What we have gained from more than three decades of research and experience with EFM is considerable information about the nature and implications of many types of FHR changes. For example, FHR patterns that correlate closely with a favorable neonatal outcome have been identified. Likewise, FHR patterns associated with adverse neonatal outcomes also have been described. In between these two extremes, FHR patterns generate controversy. As such, the field of fetal heart rate monitoring continues to struggle with lack of uniform terminology, differing opinions in FHR interpretation, and wide variations in definition and management of nonreassuring FHR patterns.
To address these issues, the National Institute of Child Health and Human Development (NICHD) of the National Institutes of Health (NIH) convened a panel of researchers and clinicians in 1997 to examine the topic of EFM. The panel’s first recommendation was to establish a standardized set of definitions for EFM interpretation that would provide the foundation for future EFM research. The panel’s proposed standard nomenclature system for EFM interpretation then would need to be tested for validity, reliability, and reproducibility. The purpose of applying consistent EFM nomenclature when analyzing research studies and data is to improve the ability to interpret and compare studies scientifically and to be able to generalize the results of clinical trials.

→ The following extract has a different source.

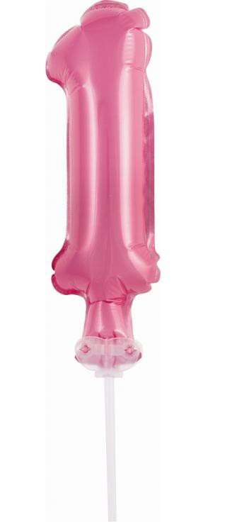 Rózsaszín 1-es Pink szám fólia lufi tortára 13 cm

Additionally, more meaningful EFM research will contribute to establishing a predictive value for EFM in the future, something that past EFM research has been unable to achieve. The ultimate goal is to be able to translate EFM research findings into evidence-based clinical practice.
In 2005, PeriFACTS adopted the NIH nomenclature for the singular purpose of encouraging obstetric nurses, nurse midwives, and obstetricians to speak the same language when discussing fetal heart rate interpretation. From feedback we have received, we are on our way toward achieving that important goal.
Systematic analysis of fetal heart rate data includes assessment of the baseline FHR, baseline FHR variability, and any periodic and/or non-periodic FHR changes, including accelerations, and early, variable, and/or late decelerations.
Baseline FHR should be judged as the average FHR rounded to increments of 5 bpm during a 10-minute segment. For many years, PeriFACTS described the FHR baseline as a range (highest and lowest) of FHR over a 10-minute segment. As of January 1, 2006, we will describe the baseline as a single number (the average as judged over a 10-minute segment) rounded to the nearest five beats to comply with AWHONN and NIH consensus panel protocols. This determination should not include periodic or episodic FHR changes or episodes of marked variability or dramatic changes in baseline. The normal FHR range is 110 bpm to 160 bpm.
Baseline FHR tachycardia is defined as a baseline FHR greater than 160 bpm persisting for at least ten minutes (again, excluding accelerations and decelerations). Baseline FHR tachycardia represents an increase in sympathetic and/or a decrease in parasympathetic autonomic nervous system tone. Baseline FHR tachycardia usually is associated with decreased baseline FHR variability. Although the baseline FHR is known to decrease as gestational age advances, the average baseline FHR difference from 28 weeks’ gestation to term is only 10 bpm. While premature fetuses may have slightly higher baseline FHRs than term fetuses, baseline fetal tachycardia seldom is attributed to prematurity alone. Baseline fetal tachycardia warrants close evaluation (see Table 1.1).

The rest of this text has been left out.